• EXERCISE OBJECTIVE: Transcribe the entries below exactly, starting with the line that has "コンテンツPR・コンテンツマ" and stopping after the line that has "Снизу у двери"; no pictures belong in the copy.

• MATERIAL SUPPLIED:
==================================================

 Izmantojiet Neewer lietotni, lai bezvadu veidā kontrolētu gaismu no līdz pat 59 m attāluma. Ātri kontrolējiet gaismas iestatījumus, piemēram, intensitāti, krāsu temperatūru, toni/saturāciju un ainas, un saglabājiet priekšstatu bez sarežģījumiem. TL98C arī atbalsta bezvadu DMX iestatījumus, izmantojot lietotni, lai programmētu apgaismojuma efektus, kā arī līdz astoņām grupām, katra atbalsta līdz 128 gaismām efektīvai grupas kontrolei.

==================================================

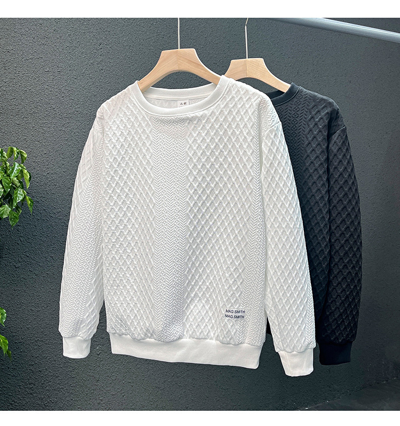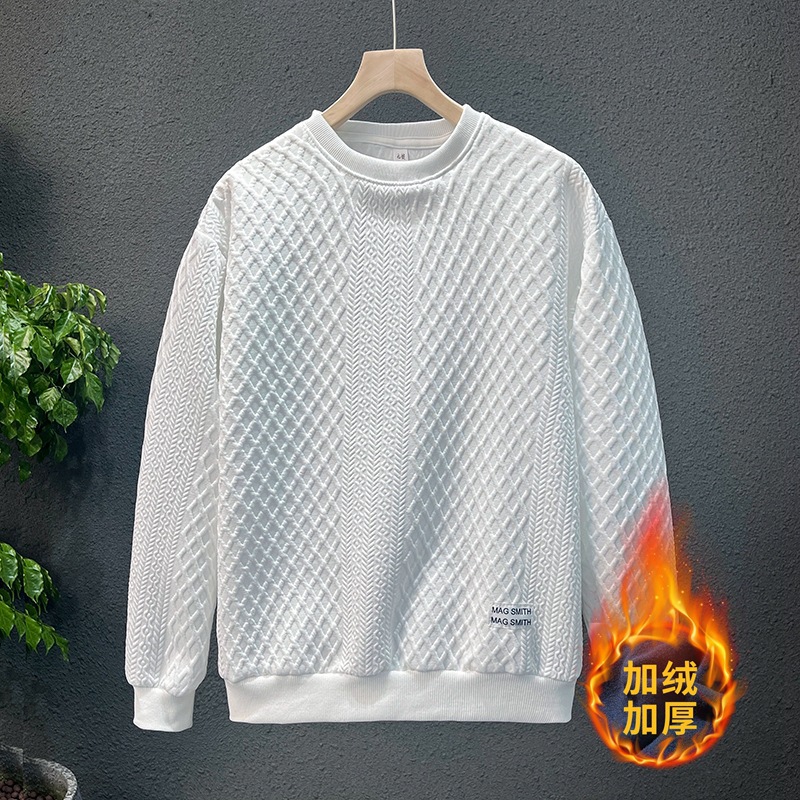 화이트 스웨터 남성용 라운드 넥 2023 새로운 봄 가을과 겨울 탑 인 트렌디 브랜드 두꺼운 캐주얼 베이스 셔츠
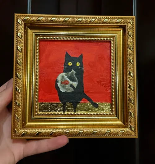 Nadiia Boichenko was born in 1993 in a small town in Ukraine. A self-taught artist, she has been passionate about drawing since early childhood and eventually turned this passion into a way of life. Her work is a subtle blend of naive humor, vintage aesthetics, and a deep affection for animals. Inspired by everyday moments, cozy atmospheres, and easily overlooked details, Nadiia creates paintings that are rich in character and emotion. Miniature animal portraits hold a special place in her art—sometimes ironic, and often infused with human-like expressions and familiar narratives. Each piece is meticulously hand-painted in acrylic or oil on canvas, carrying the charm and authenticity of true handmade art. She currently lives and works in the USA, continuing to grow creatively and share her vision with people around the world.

==================================================

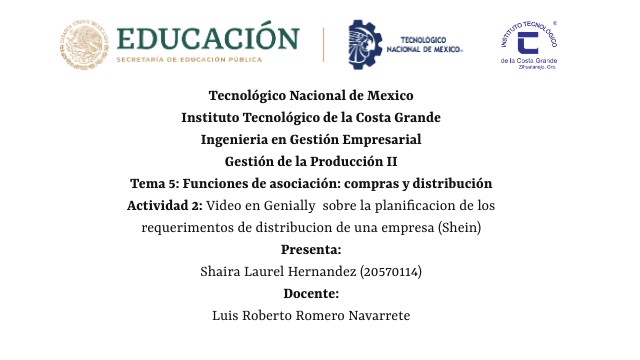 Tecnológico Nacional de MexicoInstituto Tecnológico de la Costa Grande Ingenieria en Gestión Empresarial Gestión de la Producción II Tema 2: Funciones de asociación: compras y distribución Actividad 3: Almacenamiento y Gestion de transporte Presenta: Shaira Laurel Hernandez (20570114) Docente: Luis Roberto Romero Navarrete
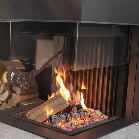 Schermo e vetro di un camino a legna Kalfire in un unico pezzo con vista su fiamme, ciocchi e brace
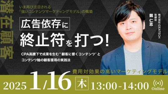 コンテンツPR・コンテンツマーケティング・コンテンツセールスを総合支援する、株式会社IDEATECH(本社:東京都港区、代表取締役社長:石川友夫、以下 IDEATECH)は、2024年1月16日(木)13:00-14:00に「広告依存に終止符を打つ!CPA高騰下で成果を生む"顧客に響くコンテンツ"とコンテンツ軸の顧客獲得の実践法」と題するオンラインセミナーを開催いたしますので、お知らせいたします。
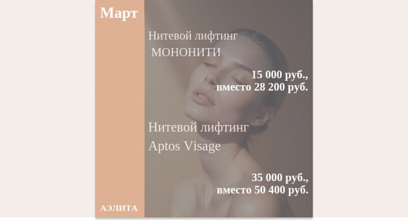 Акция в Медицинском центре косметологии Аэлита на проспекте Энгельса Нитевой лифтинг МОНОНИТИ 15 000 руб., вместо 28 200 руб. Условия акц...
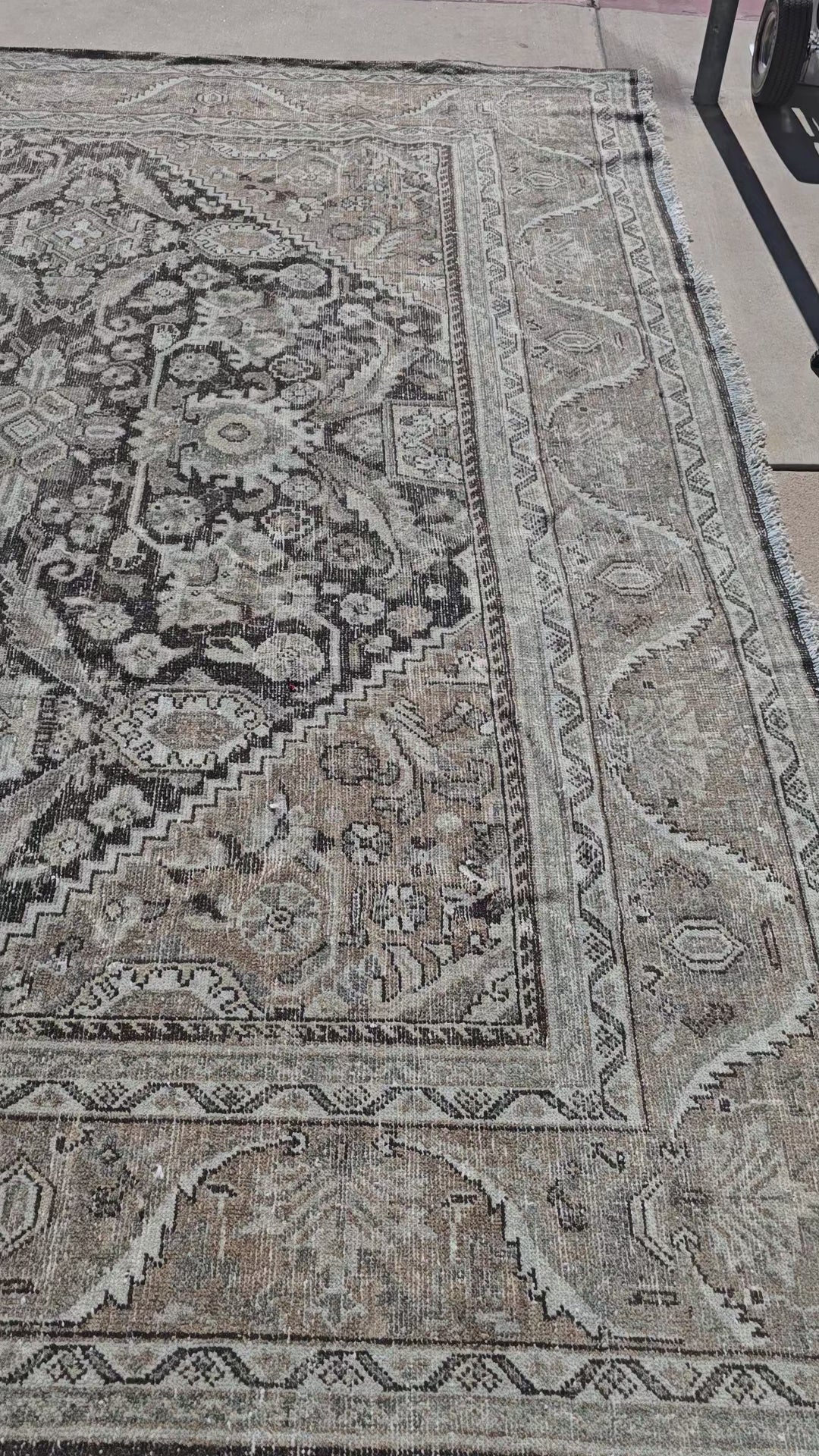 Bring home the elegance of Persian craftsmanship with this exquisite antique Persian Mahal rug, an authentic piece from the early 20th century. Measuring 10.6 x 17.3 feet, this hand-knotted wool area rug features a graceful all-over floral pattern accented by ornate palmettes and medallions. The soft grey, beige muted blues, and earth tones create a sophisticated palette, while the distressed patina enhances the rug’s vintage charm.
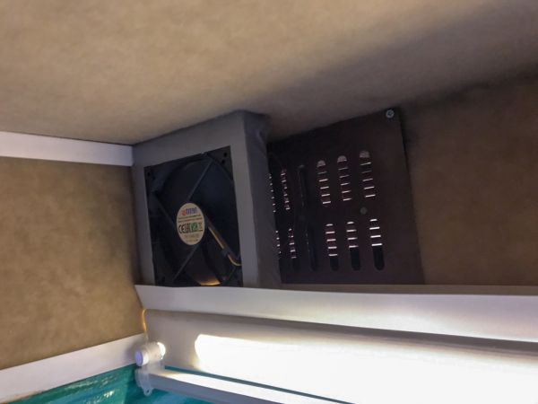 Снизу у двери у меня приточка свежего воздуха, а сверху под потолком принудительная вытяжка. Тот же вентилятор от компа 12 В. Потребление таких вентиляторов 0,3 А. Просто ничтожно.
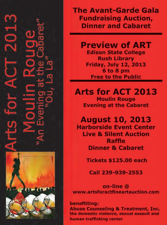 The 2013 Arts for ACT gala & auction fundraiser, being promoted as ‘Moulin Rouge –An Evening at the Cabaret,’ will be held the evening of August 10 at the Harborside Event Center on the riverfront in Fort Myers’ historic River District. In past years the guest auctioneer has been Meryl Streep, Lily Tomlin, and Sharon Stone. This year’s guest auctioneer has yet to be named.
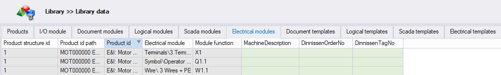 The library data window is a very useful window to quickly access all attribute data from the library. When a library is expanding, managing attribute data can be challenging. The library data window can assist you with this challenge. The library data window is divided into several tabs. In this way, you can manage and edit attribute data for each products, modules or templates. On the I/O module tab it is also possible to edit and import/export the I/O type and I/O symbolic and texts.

==================================================

• RESPONSE BELOW:
 コンテンツPR・コンテンツマーケティング・コンテンツセールスを総合支援する、株式会社IDEATECH(本社:東京都港区、代表取締役社長:石川友夫、以下 IDEATECH)は、2024年1月16日(木)13:00-14:00に「広告依存に終止符を打つ!CPA高騰下で成果を生む"顧客に響くコンテンツ"とコンテンツ軸の顧客獲得の実践法」と題するオンラインセミナーを開催いたしますので、お知らせいたします。
 Акция в Медицинском центре косметологии Аэлита на проспекте Энгельса Нитевой лифтинг МОНОНИТИ 15 000 руб., вместо 28 200 руб. Условия акц...
 Bring home the elegance of Persian craftsmanship with this exquisite antique Persian Mahal rug, an authentic piece from the early 20th century. Measuring 10.6 x 17.3 feet, this hand-knotted wool area rug features a graceful all-over floral pattern accented by ornate palmettes and medallions. The soft grey, beige muted blues, and earth tones create a sophisticated palette, while the distressed patina enhances the rug’s vintage charm.
 Снизу у двери у меня приточка свежего воздуха, а сверху под потолком принудительная вытяжка. Тот же вентилятор от компа 12 В. Потребление таких вентиляторов 0,3 А. Просто ничтожно.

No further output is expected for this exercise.